* WORK TO BE COMPLETED
Set down every line of the data exactly, skipping the pictures.

* COLLECTED DATA
--------

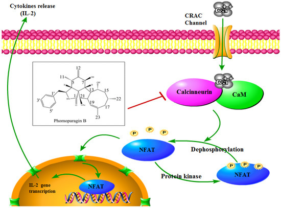 Immunosuppressants are the main clinical drugs for the treatment of undesirable or abnormal activations in the body, such as immune system activation, which is associated with a variety of autoimmune diseases and allergic reactions, including rheumatoid arthritis, multiple sclerosis, systemic lupus erythematosus, and glomerulonephritis, and responses in organ transplantation recipients [1]. Most of the representative immunosuppressive drugs used in the clinic were developed from microbial secondary metabolites, such as cyclosporin A (CsA), tacrolimus (FK506), and rapamycin [2]. These drugs form complexes with intracellular immunophilin receptors. Among them, the CsA/cyclophilin and FK506/FKBP complexes share the same pharmacodynamic property of suppressing activated T cells by inhibiting the activity of calcineurin (CN) phosphatase; thus, these complexes prevent the dephosphorylation and nuclear translocation of activated T cell nuclear factor (NFAT) and NFAT-mediated transcription of a large number of cytokine genes, such as interleukin 2 (IL-2) [3,4]. However, despite their undeniable satisfactory therapeutic effects, the aforementioned immunosuppressive drugs have been found to cause dramatic side effects, such as nephrotoxicity, hepatotoxicity, neurotoxicity, malignancy, and other adverse effects [5,6]. Thus, the discovery of new clinically applied immunosuppressants with a high efficacy but no major cytotoxicity is urgently needed.
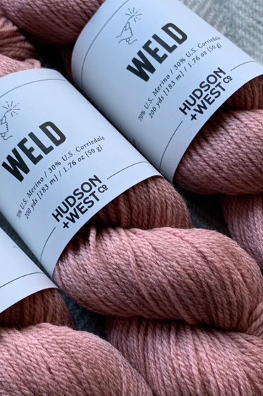 Like its big sibling, Forge, Weld is made from a heathered blend of domestically-sourced 70% Merino and 30% Corriedale wool. Weld is a well-balanced three-ply yarn, with a slightly more energetic twist for strength and durability. It has a beautiful balance of stitch definition, bounce, and wooly, cohesive bloom that produces both beautiful stockinette fabrics and delicate lace, texture, and brioche, and is perfect for stranded colorwork. Weld blooms beautifully and easily knits up on larger needles; we like it on anywhere from a US 3 to a US 6 (3.25 to 4.00 mm), depending on the application.
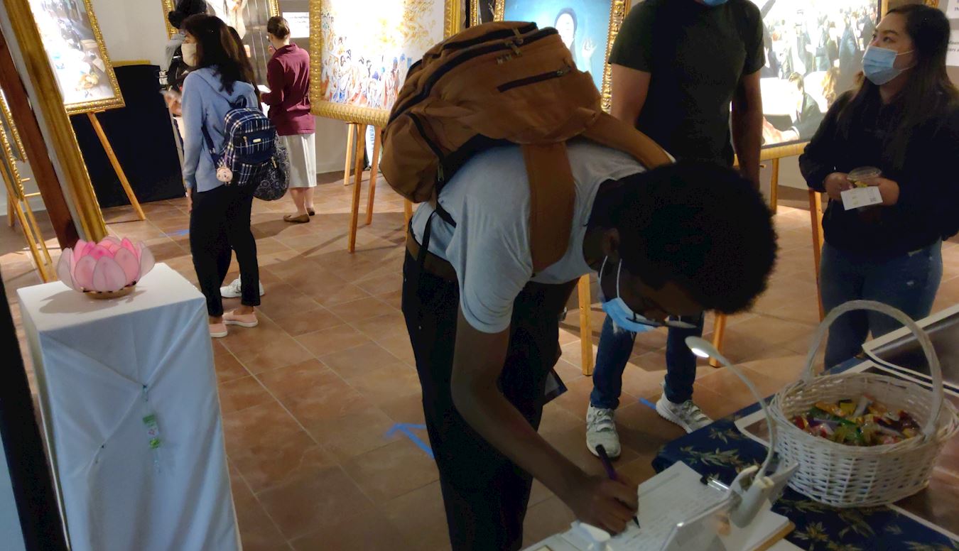 杰姆斯(James)是计算机系大学二年级学生,平时也看了许多网上的消息,知道很多。来到画展,他仔细的看了每一幅画,还长时间与学员交谈,了解询问更多信息。他说:很高兴来看画展和看到越来越多的人认识到了CCP的邪恶,所有它对法轮功、新疆、西藏人的迫害应该立即停止,我将继续努力传播真相。
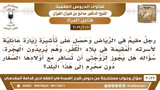 فضيلة الشيخ وفقكم الله يقول رجل مقيم في الرياض وحصل على تأشيرة زيارة عائلية لاسرته المقيمة في بلاد الكفر. وهم يريدون الهجرة. سؤاله هل يجوز لزوجتي ان تسافر ومع اولادها الصغار دون محرم الى هذا البلد؟ لا - 00:00:00ضَ

--------

* TASK RESULT
 Immunosuppressants are the main clinical drugs for the treatment of undesirable or abnormal activations in the body, such as immune system activation, which is associated with a variety of autoimmune diseases and allergic reactions, including rheumatoid arthritis, multiple sclerosis, systemic lupus erythematosus, and glomerulonephritis, and responses in organ transplantation recipients [1]. Most of the representative immunosuppressive drugs used in the clinic were developed from microbial secondary metabolites, such as cyclosporin A (CsA), tacrolimus (FK506), and rapamycin [2]. These drugs form complexes with intracellular immunophilin receptors. Among them, the CsA/cyclophilin and FK506/FKBP complexes share the same pharmacodynamic property of suppressing activated T cells by inhibiting the activity of calcineurin (CN) phosphatase; thus, these complexes prevent the dephosphorylation and nuclear translocation of activated T cell nuclear factor (NFAT) and NFAT-mediated transcription of a large number of cytokine genes, such as interleukin 2 (IL-2) [3,4]. However, despite their undeniable satisfactory therapeutic effects, the aforementioned immunosuppressive drugs have been found to cause dramatic side effects, such as nephrotoxicity, hepatotoxicity, neurotoxicity, malignancy, and other adverse effects [5,6]. Thus, the discovery of new clinically applied immunosuppressants with a high efficacy but no major cytotoxicity is urgently needed.
 Like its big sibling, Forge, Weld is made from a heathered blend of domestically-sourced 70% Merino and 30% Corriedale wool. Weld is a well-balanced three-ply yarn, with a slightly more energetic twist for strength and durability. It has a beautiful balance of stitch definition, bounce, and wooly, cohesive bloom that produces both beautiful stockinette fabrics and delicate lace, texture, and brioche, and is perfect for stranded colorwork. Weld blooms beautifully and easily knits up on larger needles; we like it on anywhere from a US 3 to a US 6 (3.25 to 4.00 mm), depending on the application.
 杰姆斯(James)是计算机系大学二年级学生,平时也看了许多网上的消息,知道很多。来到画展,他仔细的看了每一幅画,还长时间与学员交谈,了解询问更多信息。他说:很高兴来看画展和看到越来越多的人认识到了CCP的邪恶,所有它对法轮功、新疆、西藏人的迫害应该立即停止,我将继续努力传播真相。
 فضيلة الشيخ وفقكم الله يقول رجل مقيم في الرياض وحصل على تأشيرة زيارة عائلية لاسرته المقيمة في بلاد الكفر. وهم يريدون الهجرة. سؤاله هل يجوز لزوجتي ان تسافر ومع اولادها الصغار دون محرم الى هذا البلد؟ لا - 00:00:00ضَ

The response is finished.